Facial recognition could soon be making an appearance to identify on-line users of public services in France and to securitise their connections and their procedures. From November, French residents will be able to download an application called Alicem (an acronym standing for on-line certified authentication via mobile) on their smartphones, according to Bloomberg.
The system was slated for launch at the very end of the year, but the government has apparently decided to bring it forward, with tests having been carried out since last June.
Hundreds of administrative services available on line
On its website, the French Ministry of the Interior underlines the security aspect of the app, which was developed in conjunction with the French National Secure Documents Agency (ANTS). "Over 500 public services" will be accessible via facial recognition according to the authorities, with these being administrations with which Internet users can already interact with on line using the FranceConnect system.
In practical terms, those who want to use Alicem on their smartphones will have to film themselves from different angles and with a variety of facial expressions.
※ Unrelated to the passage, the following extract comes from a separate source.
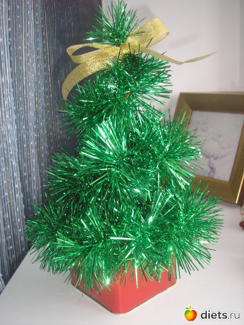 Подарки к новому году Привет, девочки! Ломая голову о новогодних подарках близким, в инете нашла массу интересных идей по их оформлению. Вот что получилось.Ёлочка ещё не совсем готова(осталось повесить маленькие конфетки-игрушки).Основа елки-жестяная коробка из-под чая, набитая конфетами и обтянутая декоративной бумагой. Каркас ёлки-проволока, обернутая мишурой.А корабль-ликёр и конфеты

That video will then be compared with the photo on the chip of their biometric passport or residence permit. A digital identity will then be generated to give users access to administrative platforms such as for tax and family benefits.
Personal data protected
"Data will not be processed or transmitted to third parties," the Ministry confirmed. The photo found on the identity document will only be stored in the user’s smartphone and the video generated to check the identity will be deleted after use. Despite these precautions, several civil rights bodies have voiced serious concerns about Alicem.
The French National Commission for Data Protection has expressed a negative opinion, stating that users will not be able to give free consent. An association called "La Quadrature du net" ("Squaring the web") meanwhile lodged a complaint in July with the French Council of State.
Aiming for total digitization
Despite this, the French government is looking to implement the system as a way of simplifying administrative processes and making them more secure.
Alicem will "contribute to the fight against on-line identity theft, and against cybercrime in general", said the French Ministry for the Interior, which is also aiming for "100% of public services having possible digitized access by 2022". To begin with, the app will only be available on Android telephones.